André Hardellet, Donnez-moi le temps 

* * *

En un siècle, les voitures ont bien sûr remplacé les piétons… Mais regardez, sur la photo récente, le chien couché à droite. Il pourrait bien s'agir de celui de la carte postale, centenaire donc un peu fatigué quand même, qui se serait faufilé par une brèche dans les clôtures du temps. Ou alors son fantôme serein et bienveillant…

samedi 17 mai 2014

Promenades (5)


"Plus que tout m'attiraient les terrains insidieusement vagues que la végétation, l'habitat misérable et des murs en ruine se disputaient, les demeures aux grilles rouillées que condamne une mystérieuse quarantaine depuis le départ de leurs locataires. Je me plantais devant elles, et la machine à produire l'imaginaire se mettait en marche. Toute la famille avait dû s'en aller inopinément, un jour qu'aucun signe funeste n'avait marqué en apparence. Eux aussi avaient eu l'intention de se promener, sans doute, puis un événement était survenu qui les avait inexplicablement retardés, au Pré Catelan ou dans les vergers de Montreuil.

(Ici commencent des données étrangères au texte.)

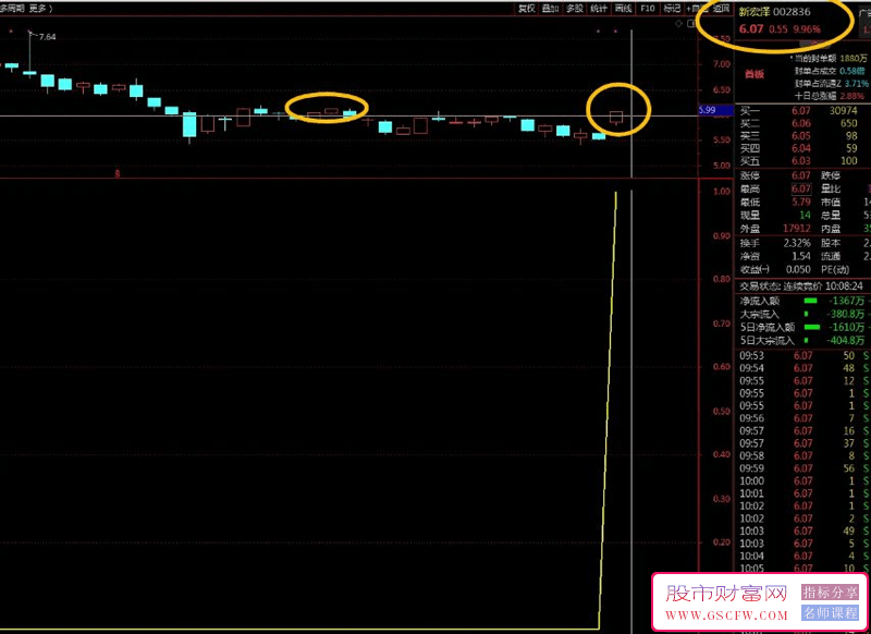 3、迅雷不及掩耳突破;这就是“弯弓”的第二弓,在调整反复中再来一个凹形,此时不破20日线,然后快速放量拉起向上,突破新高加速上涨。

Peut-être même avaient-ils pénétré à leur insu dans un univers calqué sur le nôtre mais où le temps s'écoulait autrement, et y poursuivaient-ils leur journée de loisir ; puis, par mégarde, ils franchiraient la ligne de démarcation en sens inverse. Ils allaient revenir, sous leurs vêtements d'autrefois, n'ayant vieilli que de quelques heures pendant cette absence on ne peut plus illégale. Qui sait si je n'assisterais pas à leur surprise devant le changement de décor et la difficulté à faire tourner les portes sur leurs gonds ?..."

André Hardellet, La promenade imaginaire

jeudi 8 mai 2014

Le tremplin et le saut



"La recherche de certains lieux et celle du temps non pas perdu, mais suspendu, sont si bien entremêlées dans ma mémoire qu'elles se confondent. L'une est un tremplin, l’autre le saut: les séparer serait tricherie."